4. The method of claim 1 wherein analyzing the received data
includes applying at least one of a fast Fourier transformation, a
discrete Fourier transformation, a fractional Fourier
transformation, and a Laplace transformation to the received
data.
5. The method of claim 1 wherein: analyzing the received data
includes applying at least one of a fast Fourier transformation, a
discrete Fourier transformation, a fractional Fourier
transformation, and a Laplace transformation to the received data
to derive a plurality of frequency components; and the plurality of
frequency components include the fundamental frequency component
and a non-fundamental frequency component.
6. The method of claim 1 wherein: analyzing the received data
includes applying at least one of a fast Fourier transformation, a
discrete Fourier transformation, a fractional Fourier
transformation, and a Laplace transformation to the received data
to derive a plurality of frequency components; the plurality of
frequency components include the fundamental frequency component
and a non-fundamental frequency component; and extracting the
fundamental frequency component includes selecting the fundamental
frequency component from the plurality of frequency components.

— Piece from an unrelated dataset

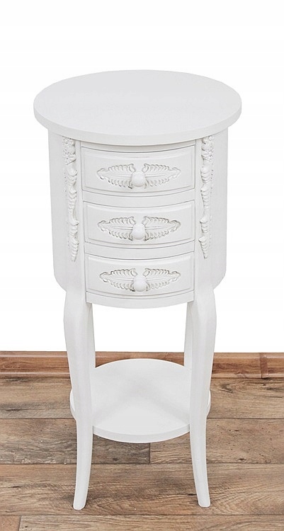 Очаровательный предмет мебели с тремя ящиками и красивой резьбой.

7. The method of claim 1 wherein: analyzing the received data
includes applying at least one of a fast Fourier transformation, a
discrete Fourier transformation, a fractional Fourier
transformation, and a Laplace transformation to the received data
to derive a plurality of frequency components; the plurality of
frequency components include the fundamental frequency component
and a non-fundamental frequency component; calculating the waveform
includes calculating a waveform based on the non-fundamental
frequency component, the calculated waveform being configured to
compensate for the non-fundamental frequency component; and
controlling the output of the inverter includes injecting a current
into the grid based on the calculated second waveform.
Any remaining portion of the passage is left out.